Your assignment: Starting with the line that includes "Vlnená sako LA", write out every remaining line of the records below exactly as it appears, leaving out any images.

[Extracted records]
........

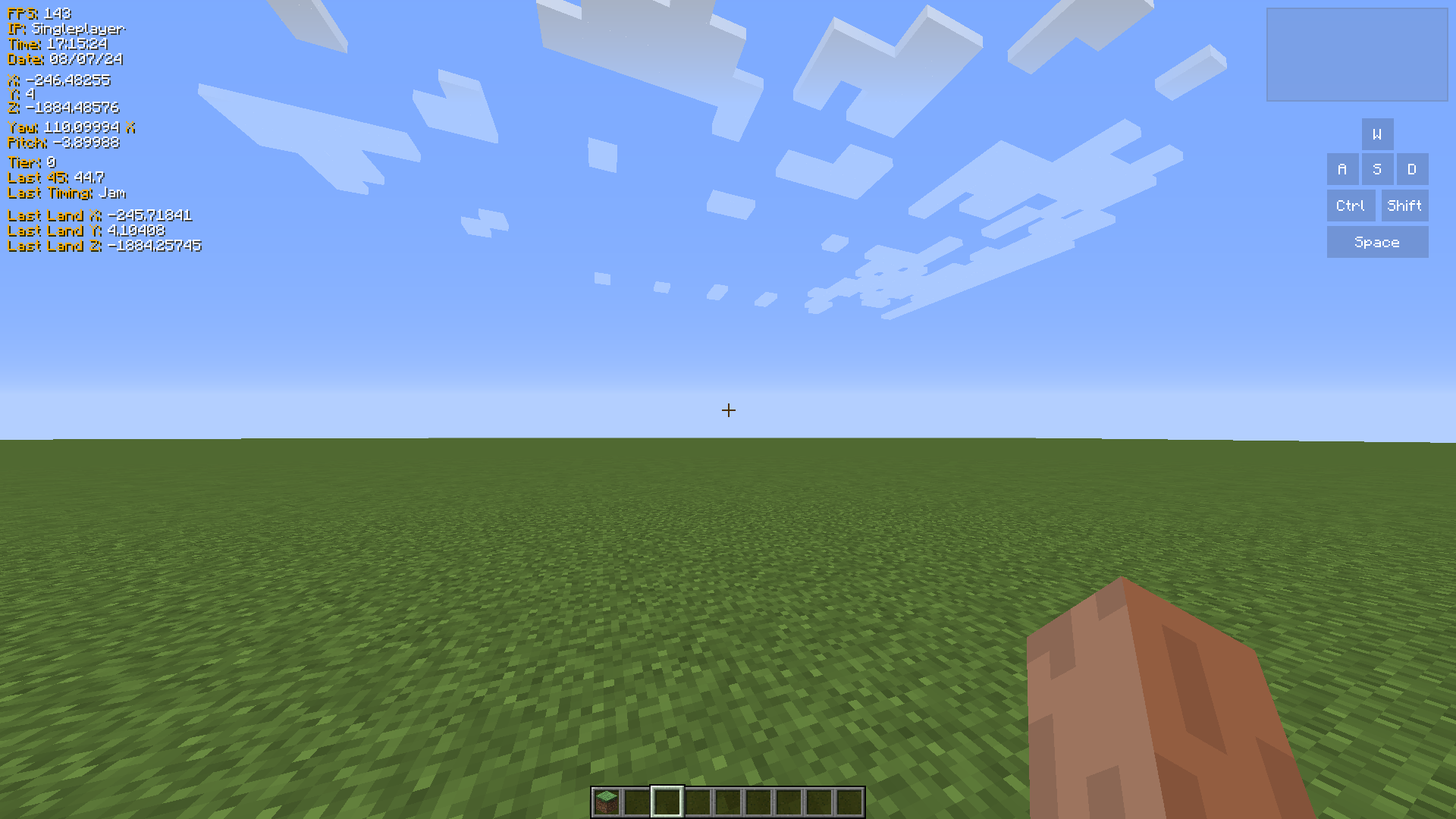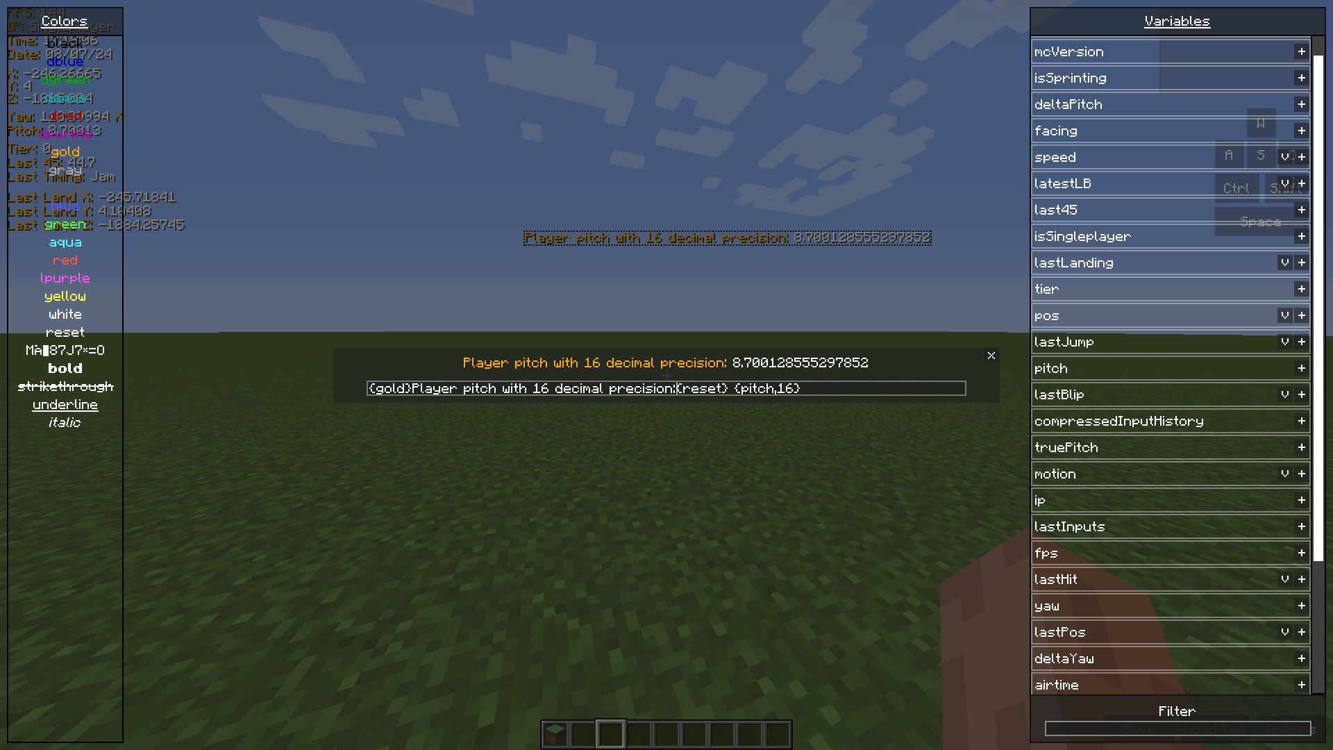 You can set any amount of landing blocks, which will be displayed ingame with a red overlay and list the offsets of your jump attempts in a GUI component, here in the top right corner of the screen
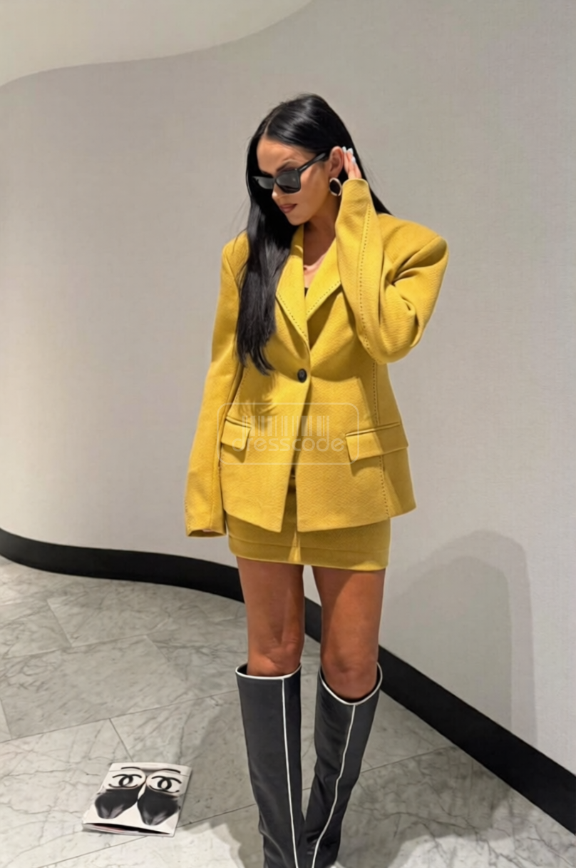 Vlnená sako LA MILLA v horčicovej farbe s prešívaním
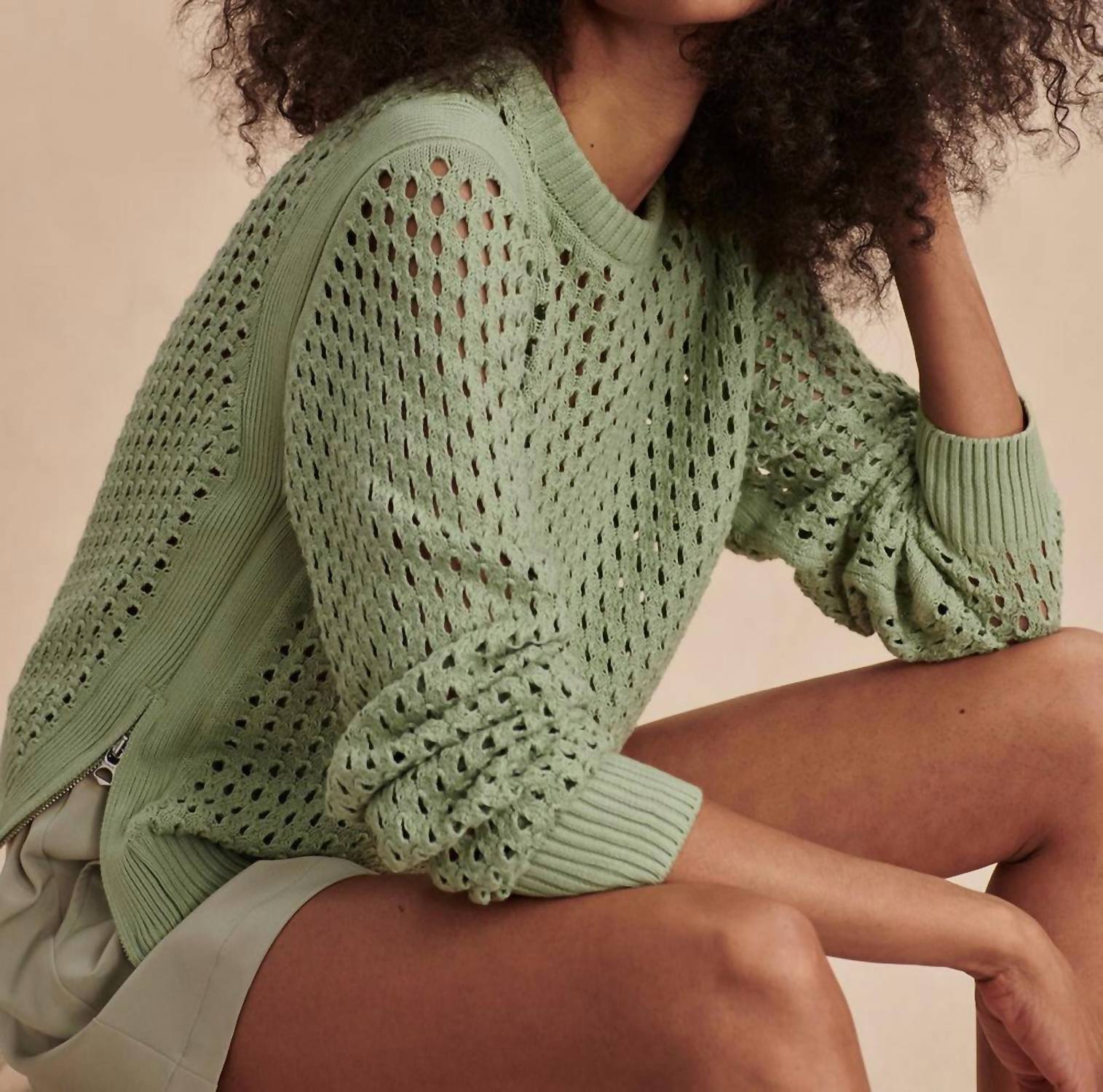 Introducing the Hains Knit Crew Sweater by VARLEY, a stylish and versatile piece in soothing Sage Green. This long sleeve sweater features a contemporary crewneck and practical side seam zips, perfect for layering. It's crafted from 100% cotton using a lightweight Pineapple Knit, offering a breathable textured finish ideal for spring travels. With a convenient pull-on closure, the sweater is easy to care for—simply machine wash and lay flat to dry.
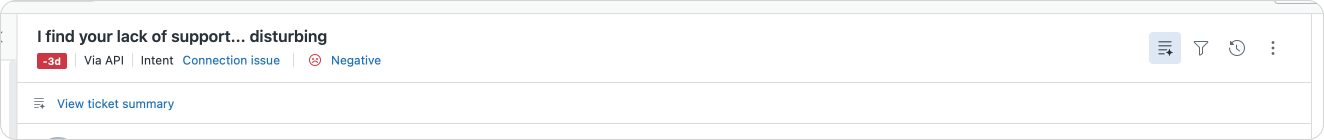 A small update to Agent Workspace now adds that sentiment to a tickets' titlebar right next to the Intent. This makes 2/3 of Intelligent Triage elements visible in the Agent Workspace again after the removal of the Intelligence Panel last September.
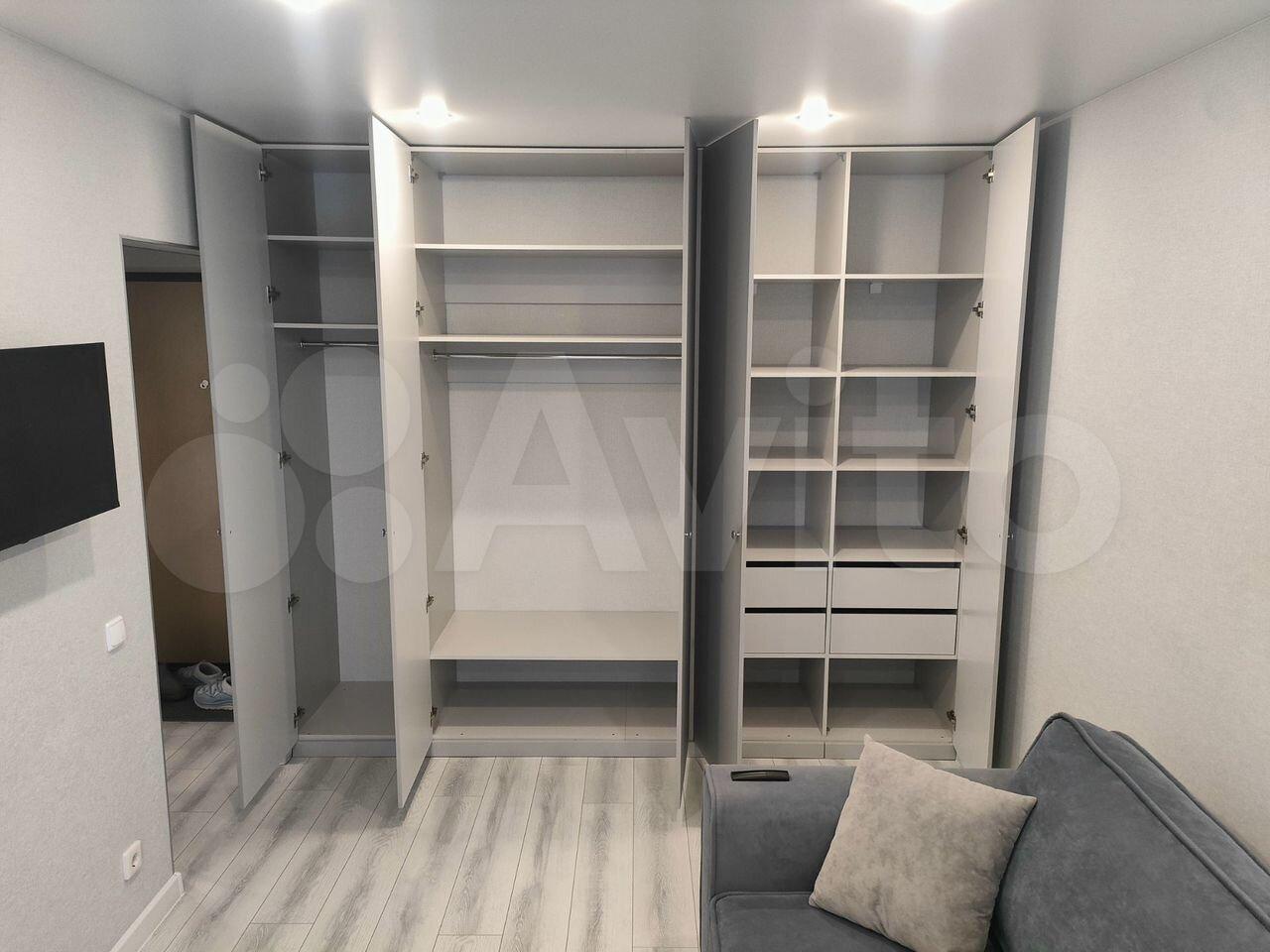 В коридоре большой встроенный шкаф с дверцами шкаф-купе(с отдельным глубоким комодом и штангой), с толстой плотной входной дверью не пропускающей внешний шум.

........

Answer:
 Vlnená sako LA MILLA v horčicovej farbe s prešívaním
 Introducing the Hains Knit Crew Sweater by VARLEY, a stylish and versatile piece in soothing Sage Green. This long sleeve sweater features a contemporary crewneck and practical side seam zips, perfect for layering. It's crafted from 100% cotton using a lightweight Pineapple Knit, offering a breathable textured finish ideal for spring travels. With a convenient pull-on closure, the sweater is easy to care for—simply machine wash and lay flat to dry.
 A small update to Agent Workspace now adds that sentiment to a tickets' titlebar right next to the Intent. This makes 2/3 of Intelligent Triage elements visible in the Agent Workspace again after the removal of the Intelligence Panel last September.
 В коридоре большой встроенный шкаф с дверцами шкаф-купе(с отдельным глубоким комодом и штангой), с толстой плотной входной дверью не пропускающей внешний шум.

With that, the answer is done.